บทความยอดนิยม

Intel has confirmed price increases for selected consumer and server CPUs, citing higher supply chain costs and demand exceeding supply. Consumer processors have seen price hikes of around US$30–50, while data center products have risen by several hundred to over a thousand dollars.
In response, investment bank Wedbush believes Intel still has room to raise prices without hurting market demand. With server CPU supply remaining constrained, Intel can continue increasing prices without significantly affecting demand. The key question is whether OEMs will actually pay higher procurement prices in line with Intel’s official list prices, or whether the latest adjustments only apply to distributors and retail channels. Although Intel’s share price has pulled back in recent sessions, the stock is still up nearly 200% year-to-date. Supported by booming demand for data center server CPUs and progress in its semiconductor foundry business, Intel, which struggled over the past several years, is once again winning investor confidence.

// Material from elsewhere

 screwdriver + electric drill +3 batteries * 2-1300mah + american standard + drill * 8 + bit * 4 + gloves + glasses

Demand for data center chips to support large-scale AI infrastructure is boosting sales of Intel’s flagship Xeon server processors. These general-purpose semiconductors, central processing units (CPUs), are once again becoming a focal point for enterprises because they help transform AI software into revenue-generating services.

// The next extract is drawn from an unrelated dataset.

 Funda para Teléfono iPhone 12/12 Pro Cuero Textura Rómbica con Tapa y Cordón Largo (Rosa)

Over the past two years, the AI industry narrative has been dominated almost entirely by GPUs, while CPUs have played a relatively minor role in AI servers. This is because during the training phase, the primary bottleneck is parallel computing performance, with GPUs handling the most intensive matrix calculations, while CPUs are mainly responsible for general control and basic task scheduling.

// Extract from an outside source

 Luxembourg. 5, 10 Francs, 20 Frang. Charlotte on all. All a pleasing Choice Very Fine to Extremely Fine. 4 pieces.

However, with the rapid growth of AI agents and reinforcement learning workloads, the strategic importance of CPUs in data centers is undergoing a structural revaluation. The essence of AI agents is not simply producing longer answers, but breaking a single request into an entire workflow. Instead of merely generating a response, AI models are now executing complete processes. As AI shifts from performing individual computations to running complex workflows, system reliance on CPUs will increase significantly. This is because many critical workloads are not well suited to GPUs. AI workloads are evolving from simple text generation toward more sophisticated AI agents and reinforcement learning, placing CPU production capacity under extremely severe supply constraints.
Market Insight:
Currently, the CPU-to-GPU ratio in AI data centers is around 1:4 to 1:8. In the era of AI agents, this ratio is expected to shift toward 1:1 to 1:2. In terms of market size, the data center CPU market is projected to grow from US$25 billion in 2026 to US$60 billion by 2030. If demand related to AI agents is included, the market could approach US$100 billion.